Author : Elhanan Helpman
Publisher :
Page : 271 pages
File Size : 20,6 MB
Release : 1985-01-01
Category : Commerce
ISBN : 9780745001098
Author : John Stachurski
Publisher : Springer Science & Business Media
Page : 454 pages
File Size : 50,15 MB
Release : 2012-01-25
Category : Business & Economics
ISBN : 3642223974
Optimal growth theory studies the problem of efficient resource allocation over time, a fundamental concern of economic research. Since the 1970s, the techniques of nonlinear dynamical systems have become a vital tool in optimal growth theory, illuminating dynamics and demonstrating the possibility of endogenous economic fluctuations. Kazuo Nishimura's seminal contributions on business cycles, chaotic equilibria and indeterminacy have been central to this development, transforming our understanding of economic growth, cycles, and the relationship between them. The subjects of Kazuo's analysis remain of fundamental importance to modern economic theory. This book collects his major contributions in a single volume. Kazuo Nishimura has been recognized for his contributions to economic theory on many occasions, being elected fellow of the Econometric Society and serving as an editor of several major journals. Chapter “Introduction” is available open access under a Creative Commons Attribution-NonCommercial-NoDerivatives 4.0 International License via link.springer.com.
Author : Andreas Fagereng
Publisher : International Monetary Fund
Page : 69 pages
File Size : 21,2 MB
Release : 2018-07-27
Category : Business & Economics
ISBN : 1484370066
We provide a systematic analysis of the properties of individual returns to wealth using twelve years of population data from Norway’s administrative tax records. We document a number of novel results. First, during our sample period individuals earn markedly different average returns on their financial assets (a standard deviation of 14%) and on their net worth (a standard deviation of 8%). Second, heterogeneity in returns does not arise merely from differences in the allocation of wealth between safe and risky assets: returns are heterogeneous even within asset classes.

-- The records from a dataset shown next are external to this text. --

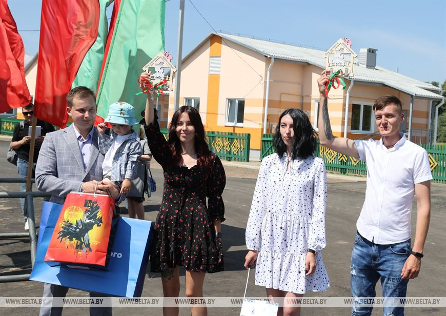 Для всего агрогородка сегодня большой праздник, ведь появился новый жилой квартал, благоустроены улицы. Теплые слова звучали и от соседей, которые предложили новоселам дружить семьями и приходить друг к другу на чай.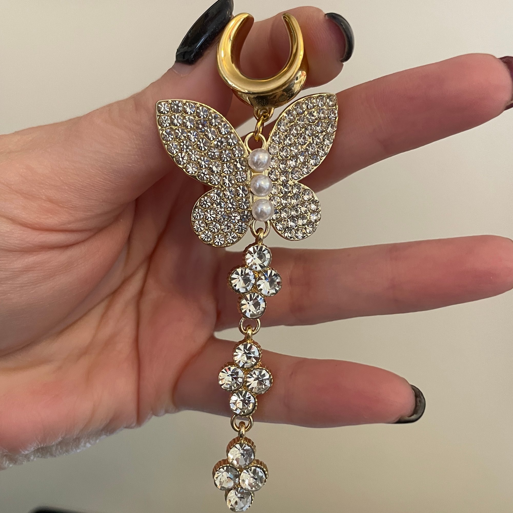 One pair of gold surgical steel saddles with this faux pearl/diamond butterfly design!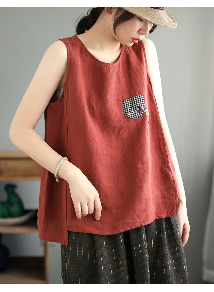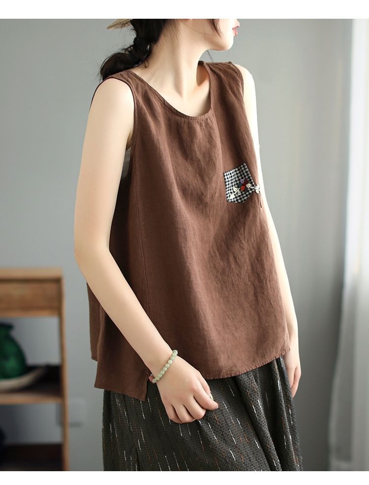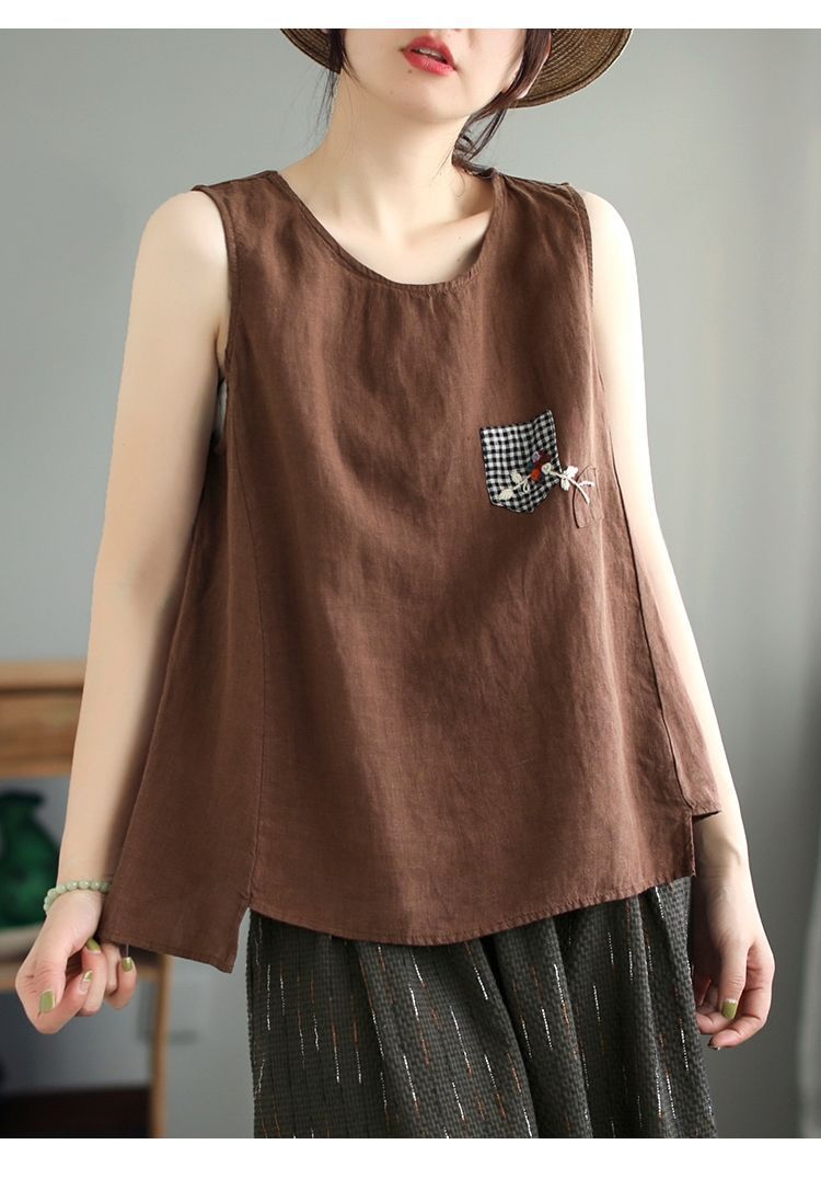民族風拼接棉麻百搭背心【買一送一】咖色+紫色各一件(到手2件!每件均價499元!)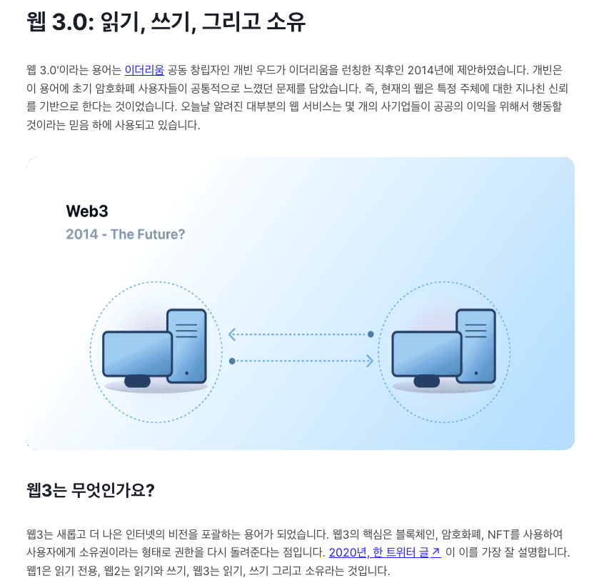 웹 3.0 (Web 3.0) 설명 그래서 저는 이제 웹 3.0에 대한 정의를 읽기, 쓰기, 소유 개념이 포함된 정의로 이해하려고 합니다. 지금(2023년 시대)에는 이더리움 재단의 정의가 조금 더 적절하지 않나 생각이 듭니다. 참고로 이더리움 재단 사이사이트에 올라온 웹 1.0, 웹 2.0에 대해서도 같이 살펴보겠습니다.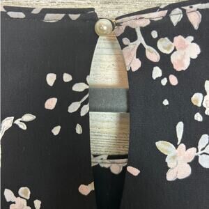 Karl Lagerfeld women size XL black floral long sleeve ruffle blouse designer top
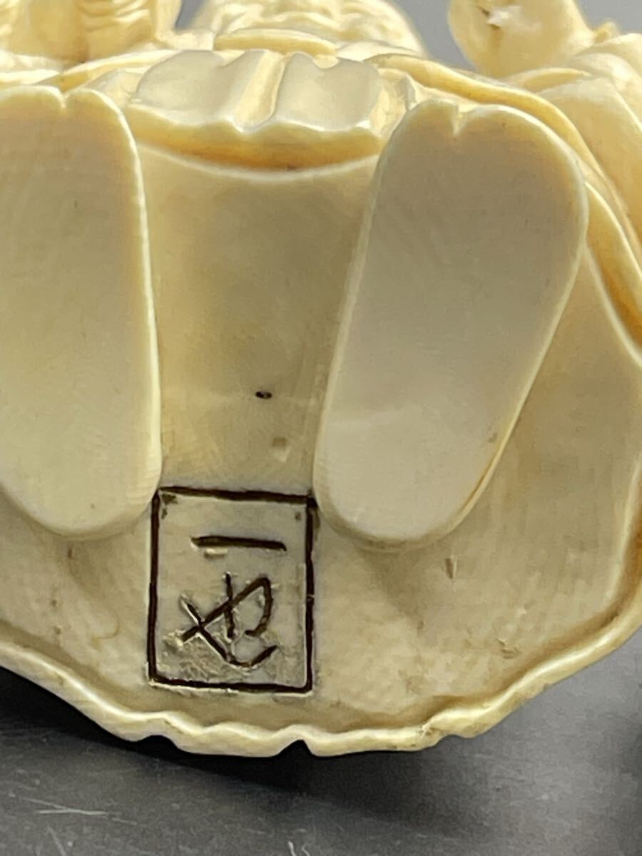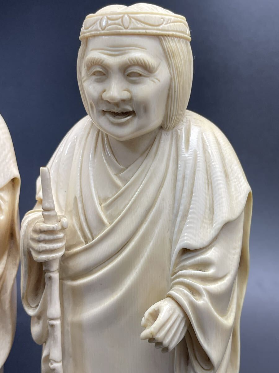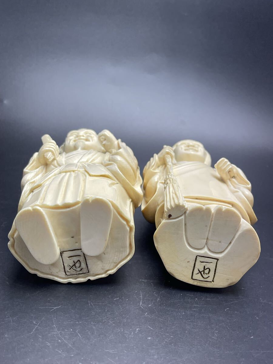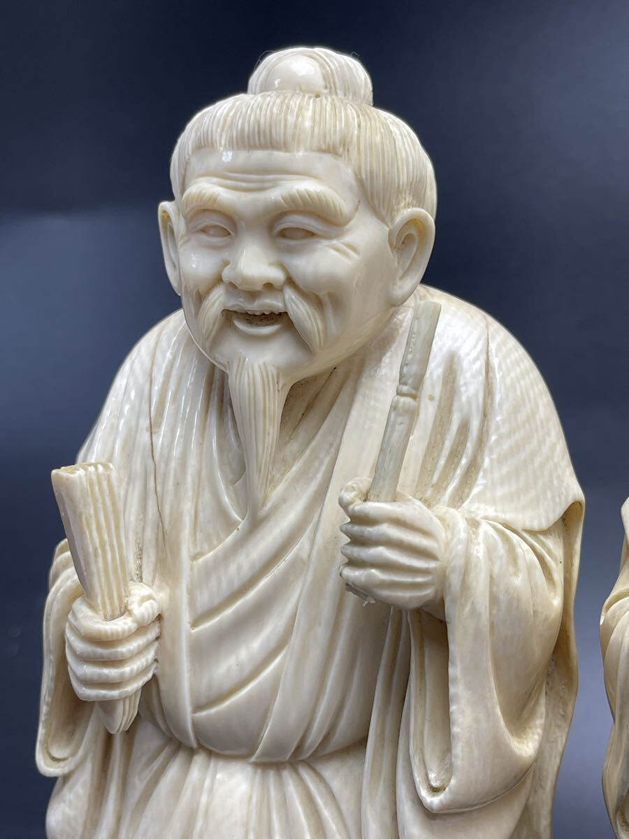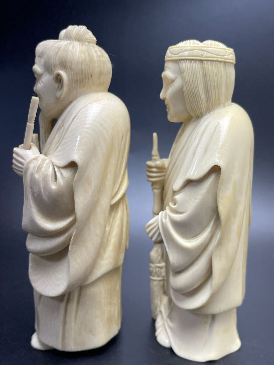 A1k7 鯨歯風高砂夫婦置物 作家物 1255g 一也在銘 細密彫刻 天然素材 中国美術 東洋彫刻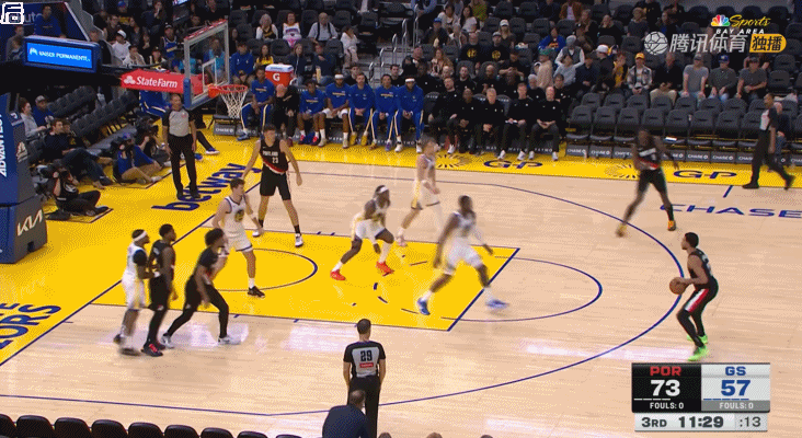 不过这次狂丢篮板的防守中,还是值得截图看看这两个事。图1,库明加的close out,日常被晃飞,但迅速回追,临了还干扰了卡马拉出手。图2,最终是库明加“终结”了开拓者第五次出手。解说:Kuminga says that's enough.

Third, returns are positively correlated with wealth: moving from the 10th to the 90th percentile of the financial wealth distribution increases the return by 3 percentage points - and by 17 percentage points when the same exercise is performed for the return to net worth. Fourth, wealth returns exhibit substantial persistence over time. We argue that while this persistence partly reflects stable differences in risk exposure and assets scale, it also reflects persistent heterogeneity in sophistication and financial information, as well as entrepreneurial talent. Finally, wealth returns are (mildly) correlated across generations. We discuss the implications of these findings for several strands of the wealth inequality debate.